- [Task to complete] Exact repetition of a range: find the line containing "El juridiscismo sociológico: Consiste" and the line containing "ஏற்கனவே கொரோனா ஊரடங்கு" in the material below, then repeat both and all lines between them, leaving pictures out.

──────── Records provided

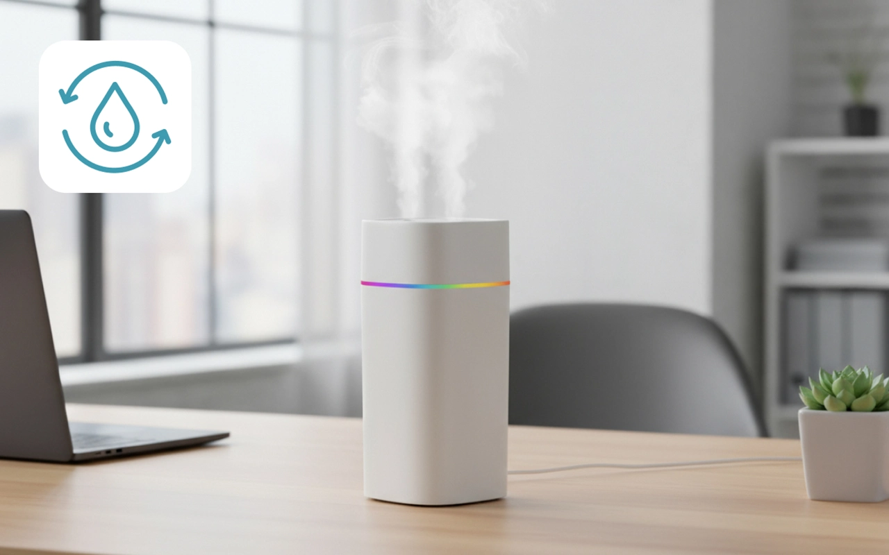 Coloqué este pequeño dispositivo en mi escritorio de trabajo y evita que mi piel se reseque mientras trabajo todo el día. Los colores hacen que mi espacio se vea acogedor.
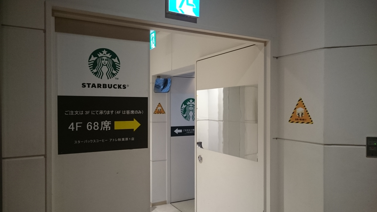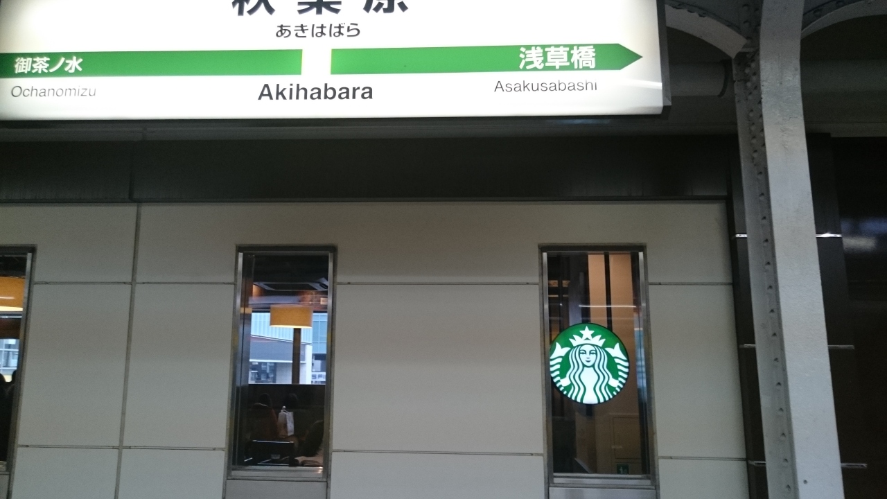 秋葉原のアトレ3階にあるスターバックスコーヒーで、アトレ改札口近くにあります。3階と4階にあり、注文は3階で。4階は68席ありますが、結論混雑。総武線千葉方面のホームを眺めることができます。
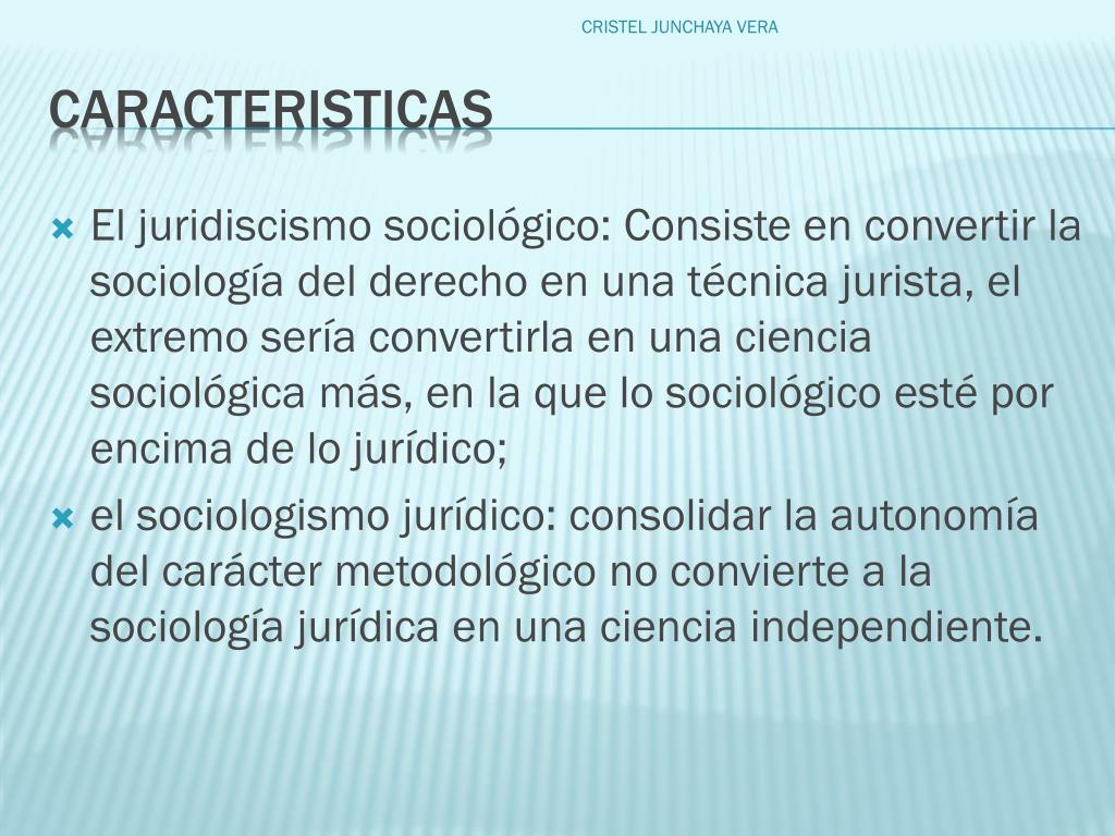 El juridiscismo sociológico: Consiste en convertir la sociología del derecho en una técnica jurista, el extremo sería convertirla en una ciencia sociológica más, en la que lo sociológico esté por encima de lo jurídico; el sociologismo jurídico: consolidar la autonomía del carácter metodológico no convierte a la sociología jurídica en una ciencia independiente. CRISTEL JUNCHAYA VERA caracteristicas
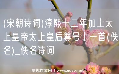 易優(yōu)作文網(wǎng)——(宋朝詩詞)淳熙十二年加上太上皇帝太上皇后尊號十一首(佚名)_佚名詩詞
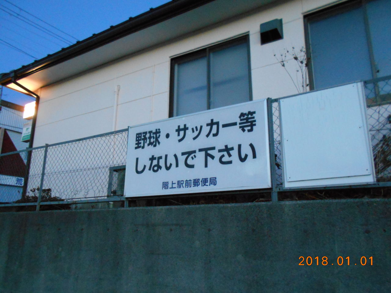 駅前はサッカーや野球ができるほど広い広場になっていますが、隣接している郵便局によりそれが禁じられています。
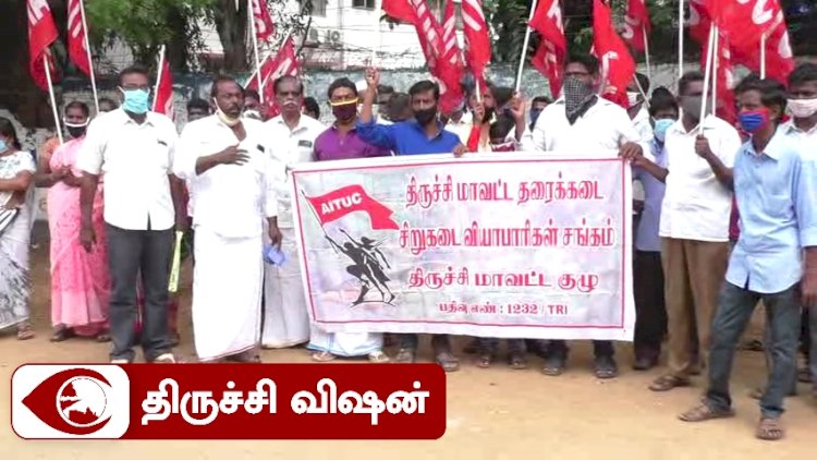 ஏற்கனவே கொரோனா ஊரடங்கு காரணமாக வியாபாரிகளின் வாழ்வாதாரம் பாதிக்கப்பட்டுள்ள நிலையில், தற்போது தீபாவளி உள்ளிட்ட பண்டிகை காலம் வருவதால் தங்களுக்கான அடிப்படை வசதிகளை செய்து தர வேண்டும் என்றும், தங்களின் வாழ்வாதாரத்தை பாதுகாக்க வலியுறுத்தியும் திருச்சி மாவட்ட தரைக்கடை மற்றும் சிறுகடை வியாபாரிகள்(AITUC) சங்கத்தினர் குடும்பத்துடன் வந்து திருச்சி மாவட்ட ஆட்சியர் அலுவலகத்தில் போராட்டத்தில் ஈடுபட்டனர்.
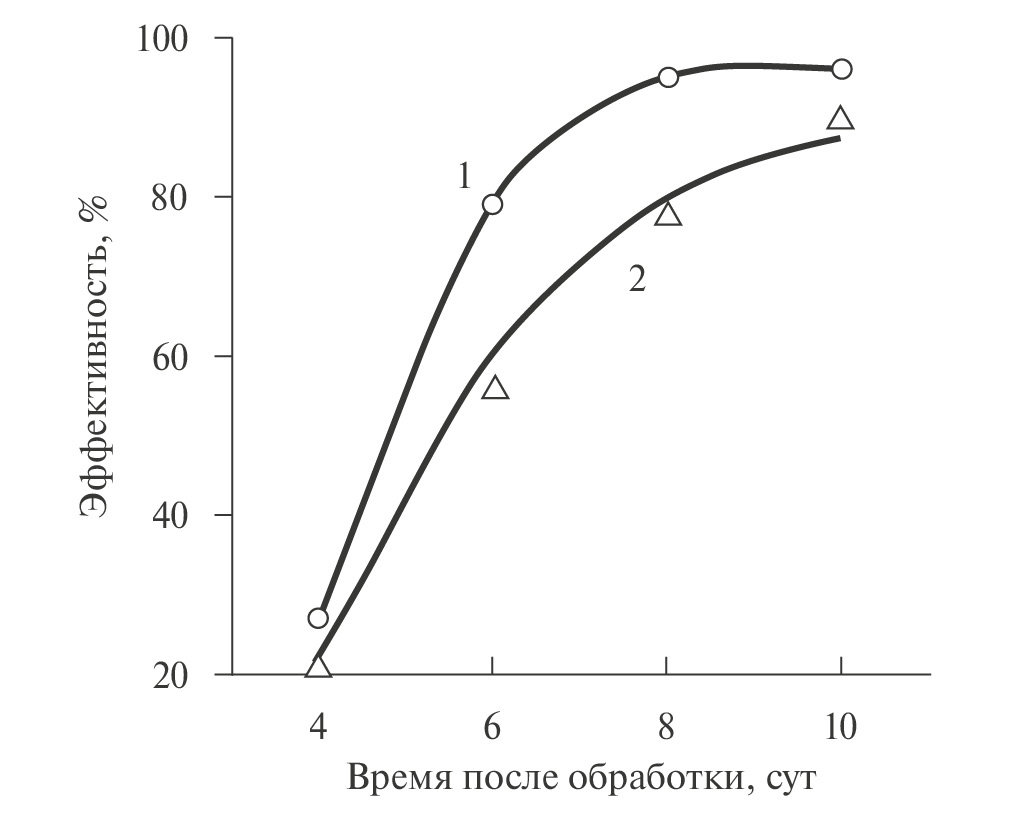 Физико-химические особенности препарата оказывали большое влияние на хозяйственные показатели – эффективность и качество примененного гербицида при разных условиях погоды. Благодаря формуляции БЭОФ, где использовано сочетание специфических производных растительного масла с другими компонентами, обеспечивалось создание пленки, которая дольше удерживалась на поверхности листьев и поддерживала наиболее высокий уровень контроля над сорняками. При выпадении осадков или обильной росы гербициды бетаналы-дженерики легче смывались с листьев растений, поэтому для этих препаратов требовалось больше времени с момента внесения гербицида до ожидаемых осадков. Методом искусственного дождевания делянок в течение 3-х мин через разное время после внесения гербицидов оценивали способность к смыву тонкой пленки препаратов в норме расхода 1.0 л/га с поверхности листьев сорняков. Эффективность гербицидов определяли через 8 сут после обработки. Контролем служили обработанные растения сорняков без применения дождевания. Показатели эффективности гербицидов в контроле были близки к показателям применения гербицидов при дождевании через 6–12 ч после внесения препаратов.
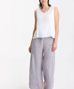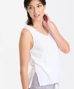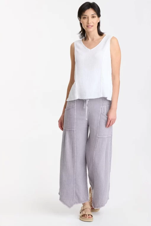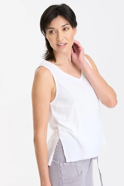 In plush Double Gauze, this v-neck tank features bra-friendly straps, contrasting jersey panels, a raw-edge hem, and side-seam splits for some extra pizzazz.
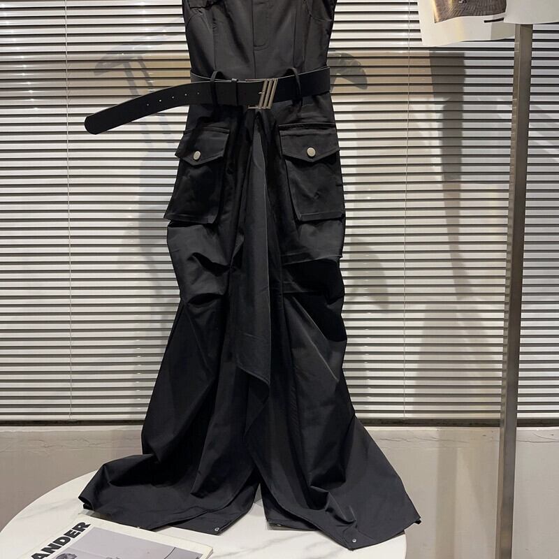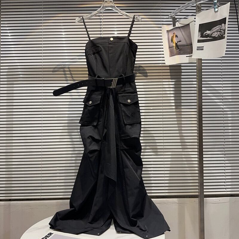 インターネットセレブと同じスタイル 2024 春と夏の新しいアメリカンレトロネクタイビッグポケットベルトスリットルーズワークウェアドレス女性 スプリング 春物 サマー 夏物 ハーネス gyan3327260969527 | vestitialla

────────────────

- [Response]
 El juridiscismo sociológico: Consiste en convertir la sociología del derecho en una técnica jurista, el extremo sería convertirla en una ciencia sociológica más, en la que lo sociológico esté por encima de lo jurídico; el sociologismo jurídico: consolidar la autonomía del carácter metodológico no convierte a la sociología jurídica en una ciencia independiente. CRISTEL JUNCHAYA VERA caracteristicas
 易優(yōu)作文網(wǎng)——(宋朝詩詞)淳熙十二年加上太上皇帝太上皇后尊號十一首(佚名)_佚名詩詞
 駅前はサッカーや野球ができるほど広い広場になっていますが、隣接している郵便局によりそれが禁じられています。
 ஏற்கனவே கொரோனா ஊரடங்கு காரணமாக வியாபாரிகளின் வாழ்வாதாரம் பாதிக்கப்பட்டுள்ள நிலையில், தற்போது தீபாவளி உள்ளிட்ட பண்டிகை காலம் வருவதால் தங்களுக்கான அடிப்படை வசதிகளை செய்து தர வேண்டும் என்றும், தங்களின் வாழ்வாதாரத்தை பாதுகாக்க வலியுறுத்தியும் திருச்சி மாவட்ட தரைக்கடை மற்றும் சிறுகடை வியாபாரிகள்(AITUC) சங்கத்தினர் குடும்பத்துடன் வந்து திருச்சி மாவட்ட ஆட்சியர் அலுவலகத்தில் போராட்டத்தில் ஈடுபட்டனர்.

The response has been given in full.